A color-multiplexed hologram was recorded on a monochrome image sensor with no color filter by employing CCS, a holographic multiplexing technique. The new system can be used to perform color fluorescence holographic 3D sensing with only a single-shot exposure.

The number of exposures needed to obtain the information is 250 times less than that needed for a traditional color-multiplexed fluorescence holographic microscope.

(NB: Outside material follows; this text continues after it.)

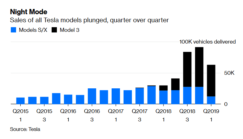 In terms of deliveries, this is an 8% drop in deliveries for the Model 3 from the prior quarter, and a hefty43% drop in deliveries for the Model S and X.

The new system will prove useful for high-speed multicolor holographic 3D motion-picture microscopy for temporally and spatially incoherent light, as well as multicolor holographic 3D image sensing of extremely weak light such as autofluorescence light and non-linear light, including natural light, chemically activated light, and spontaneous Raman scattering light.

Future prospects of the study would be to optimize the recording speed in holographic multidimensional sensing of extremely weak self-luminous light sources and for use in multicolor holographic 3D motion-picture image sensing for spatially incoherent light.

This study was financially supported by the Japan Science and Technology Agency (JST) Precursory Research for Embryonic Science and Technology (PRESTO) (JPMJPR16P8 and JPMJPR17P2), Japan Society for the Promotion of Science (JSPS) (18H01456), Research Foundation for Opt-Science and Technology, and Konica Minolta Science and Technology Foundation.

Journal Reference:

Tahara, T., et al. (2020) Single-shot wavelength-multiplexed digital holography for 3D fluorescent microscopy and other imaging modalities. Applied Physics Letters.